Looking for tips on using Python data functions: check out this equivalent wiki article: Tips for working with Python in Spotfire
Different inputs than expected
When creating an R script to run in an Spotfire® Enterprise Runtime for R (TERR) data function, or expression function, you might encounter problems when you run the R script that did not occur when you ran the same R script outside of Spotfire®. You can troubleshoot these problems. The simplest approach is to save the R objects that are being passed in to your script from Spotfire to a known location, and then load those objects into an interactive session of TERR or R. It is typically much easier to debug the issue in that environment. After you have corrected the issue, you can then update the script in the data function.
To do this, add a line of code to the top of the R script to save the input parameters to an RData file:
save(list=ls(), file="C:/debug.RData", RFormat=TRUE)
Then, in RStudio or the TERR console, load the RData file and run the R script so that the exact same inputs are used as when the R script ran in the TERR data function.
load(file="C:/debug.RData")
Notes
- If you are using an open-source R data function, you should omit the flag RFormat=TRUE.
- Rather than writing to the C:/ drive directly, you might want to adjust the path to another known location, such as C:/temp/, but make sure that location exists before you attempt to run the script. Or use a relative path, such as "~/Dump.RData".
- If you are running this on a Linux system, you need to adjust the path accordingly.
- After you have resolved the issue, be sure to delete or comment out the line in your script, to avoid consuming unnecessary resources when you share or deploy the script.
- In some cases, it might be useful to save the objects again at the end of your script. Do this by saving the objects to a separate file with another, similar line of code. You can then inspect how the objects have changed during your script, and what is getting passed back to Spotfire.
- The attached documents on supported data types are also useful references, as well as the discussion of Data Type mapping in the TERR Help files. In particular, note that Long Integers in Spotfire are not supported in data functions, and so passing in a Long Integer causes an error.
For more information on how to debug TERR data functions and expression functions, see the attached document Top 10 Tricks for Spotfire® Enterprise Runtime for R Data Functions, and download the file below. Review the in-depth training course available online: Spotfire Analyst Extended with R - Spotfire® Enterprise Runtime for R(available in resources).
Setting the Debug option in Spotfire
You can get information about problems with a data function from the data function debugger. By default, this option is disabled, because running it can cause performance to be affected.
To enable data function debugging in Spotfire, follow these steps.
- From the menu, click Tools > Options.
- In the Options dialog box, in the left pane, scroll down and click Data Functions.
- Select the Enable Data Function Debugging option, and then click OK to accept the changes.
When you run a data function, notice that the Details icon is displayed in the Notifications panel in the lower left corner of the Spotfire window.
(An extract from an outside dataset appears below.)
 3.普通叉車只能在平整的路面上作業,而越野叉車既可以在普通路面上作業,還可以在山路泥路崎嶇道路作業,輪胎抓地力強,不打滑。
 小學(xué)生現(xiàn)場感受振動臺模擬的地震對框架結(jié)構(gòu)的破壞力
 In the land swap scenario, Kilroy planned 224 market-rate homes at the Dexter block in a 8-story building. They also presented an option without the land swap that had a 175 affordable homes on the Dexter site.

Click Details to open the debugging dialog box. The debugging results show all of the information that passed between TERR and Spotfire, and it includes any errors or warnings that result from running the data function. You can review the results of running the data function, or export the results to a text editor to examine it more carefully.
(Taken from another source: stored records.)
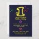Kort färgad 1:a födelsedag med en nybörjare 1, stjärnor och konetti.
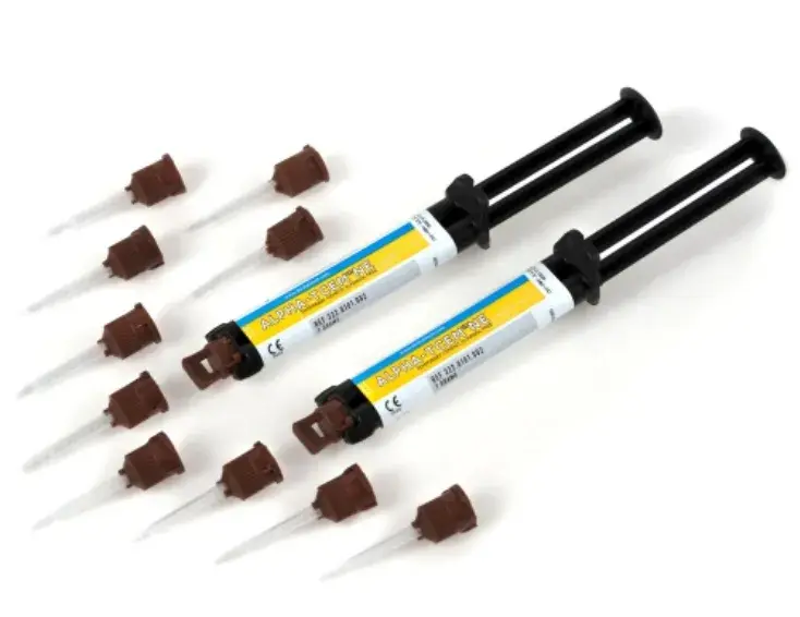Alpha-TCem NE - это временный цемент, не содержащий эвгенола. Он предназначен для цементирования временных коронок и мостовидных протезов, вкладок и накладок, а также других временных реставраций. Он обеспечивает прочную адгезию к зубу, но при этом позволяет легко снимать временную реставрацию. Картридж быстрого смешивания automix делает Alpha-TCem ™ NE быстрым и простым в использовании.
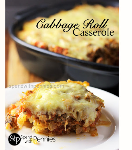 Place ½ of the cabbage in a large casserole dish. Top with ½ of the meat sauce. Repeat layers. Cover with foil and bake at 375 for 45 minutes.
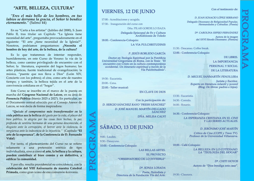 El XI Curso de Verano este año, titulado «ARTE, BELLEZA, CULTURA» hará un recorrido por la vía de la belleza como camino privilegiado de encuentro con el Señor, planteando cómo podemos contribuir a través de este camino al bien común y a edificar comunidad.

After you are finished debugging using the data function debugger, be sure to return to the Tools > Options dialog box and turn off the data function debugger.
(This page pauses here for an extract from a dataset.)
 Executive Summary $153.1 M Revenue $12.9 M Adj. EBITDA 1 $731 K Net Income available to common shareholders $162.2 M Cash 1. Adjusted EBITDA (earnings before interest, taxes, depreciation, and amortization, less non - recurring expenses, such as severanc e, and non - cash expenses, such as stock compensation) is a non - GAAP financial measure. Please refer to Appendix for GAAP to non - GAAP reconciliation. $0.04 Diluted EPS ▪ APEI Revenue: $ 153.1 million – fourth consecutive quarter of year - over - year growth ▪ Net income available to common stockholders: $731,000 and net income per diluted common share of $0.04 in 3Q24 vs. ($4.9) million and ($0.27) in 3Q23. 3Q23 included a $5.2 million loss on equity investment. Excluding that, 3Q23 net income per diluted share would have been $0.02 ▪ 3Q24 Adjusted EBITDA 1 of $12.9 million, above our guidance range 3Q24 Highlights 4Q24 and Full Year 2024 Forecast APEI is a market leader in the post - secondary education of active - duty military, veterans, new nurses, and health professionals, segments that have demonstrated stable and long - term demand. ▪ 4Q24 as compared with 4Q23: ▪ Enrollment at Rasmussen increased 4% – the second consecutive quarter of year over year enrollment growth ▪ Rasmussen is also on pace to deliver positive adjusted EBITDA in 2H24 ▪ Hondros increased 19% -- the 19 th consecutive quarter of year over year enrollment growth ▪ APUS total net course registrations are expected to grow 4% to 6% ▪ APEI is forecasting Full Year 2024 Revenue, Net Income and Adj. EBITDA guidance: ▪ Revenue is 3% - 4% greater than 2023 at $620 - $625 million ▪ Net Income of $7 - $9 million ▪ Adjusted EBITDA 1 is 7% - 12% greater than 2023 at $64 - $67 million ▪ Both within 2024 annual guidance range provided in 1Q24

Checking whether the script is being run when expected
To confirm whether a script is being run when you expect it to, use the technique above to save the objects to an .RData, but also add this line of code to create a timestamp:
TimeStamp=paste(date(),Sys.timezone())
Then, when you load the RData file into an interactive session, you can check the timestamp with this line of code:
print(TimeStamp)
Different packages installed
Another common cause of issues is different packages available in the different environments. In brief, if you want a data function or an expression function to use functionality from an external package, that package must be installed in the right environment (either under the copy of the TERR engine used by Spotfire on the desktop, or on Spotfire® Statistics Services), and it must be loaded in the data function or expression function. This can cause confusion, especially if you have multiple versions of TERR installed on a server, or on a desktop (for example, if you installed Spotfire, you have the embedded TERR engine, and you have separately installed the Spotfire® Enterprise Runtime for R Developer Edition).
To determine which packages you have loaded in an interactive session of TERR or R, you can use these commands:
- search() lists all the packages that are attached, hence directly usable by the user.
- loadedNamespaces() lists all the loaded packages, which also include packages that are only accessible from other packages or by using the pkgName::objectName syntax.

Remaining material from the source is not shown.